Ohh yes some good ideas there! I've thought about pretty much exactly this at some point but then didn't end up including it. But I do think it's quite promising, and most of the bookkeeping can be made to be branchless.

On the other hand, most of the latency is in the last few layers, and probably there isn't as much to be saved there.

The biggest problem might be that the bottom layer will anyway have to store full-width numbers, since we must be sure to have the low-order bits somewhere in case they weren't covered yet in earlier layers. Or we could have variable width encoding per node maybe (instead of per layer) but that does sound a bit iffy on the branch predictor.

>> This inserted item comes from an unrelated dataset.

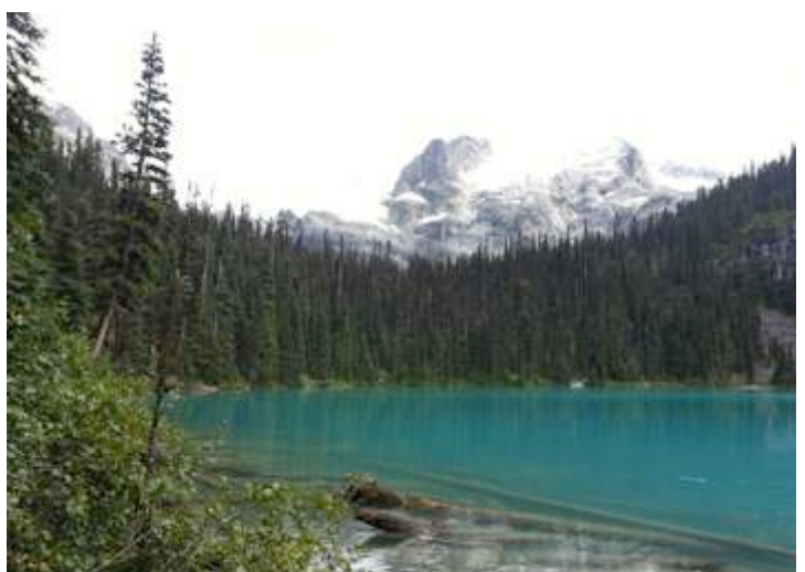
Joffre Lakes & Matier Glacier: some of the other attractions in Whistler

In the end I guess I kinda like the simplicity and hence reliability of the 'just do the full tree and the first layers are cheap anyway' approach. Probably another factor 2 speedup is possible on specific datasets, but anything beyond this may not be reliably good on worst case inputs (like is the issue for the prefix partitioning methods).

ant6n 574 days ago

The lowest level could be encoded with whatever number of bits is required for the numeric distance between the leafs. With proper book keeping, the full 32 bit values don’t need to be stored. The value for each node should be something like (parent << shift + node), where node has ideally 8 Bits, or maybe 16 bits.

It kind of comes down to how to deal with bad distribution of values, like large differences between adjacent values. One could for example deal with this by deliberately leaving „gaps“ in the tree, like using a 59-ary node on places (make the last values in the array large, so they will never get visited). With dynamic programming, perhaps an optimal distribution of the leaf level could be had - although it requires more bookkeeping bits of one needs to have the index of the found value, not just whether the value is in the tree.

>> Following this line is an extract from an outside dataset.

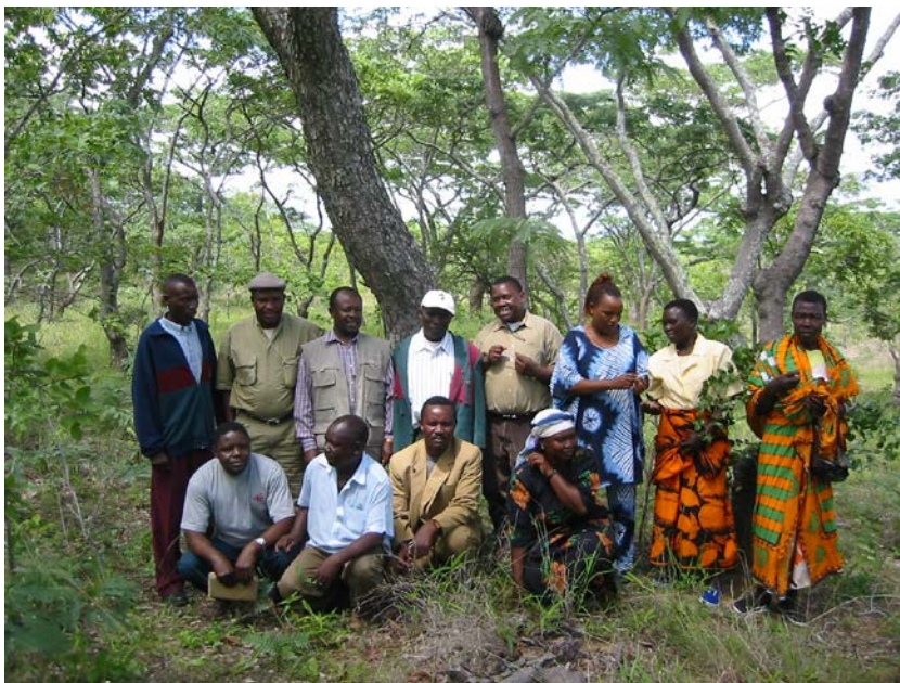
District Staff supporting community forestry in Mufindi, Tanzania.

This report is an attempt to bridge this communication gap, but much work is still needed to strengthen these links.

The question could also be whether it could be interesting to store delta valeues, so that 63 8-bit valeues gives a larger numeric range - this means computing some sort of cumulative sum on on the 63 values, not sure whether there is a simd instruction for that.

One more thought: if there is different ways different layers of the tree are stored, but they are always the same for each layer, the code be unrolled, with every layer having different code to deal with it.

Last thought: if the index is not important to know, just whether the value is in the set or not, one could use a bitmap as a data structure. It would require 256MB for the 32bit space, but large spans of zeros imply empty pages.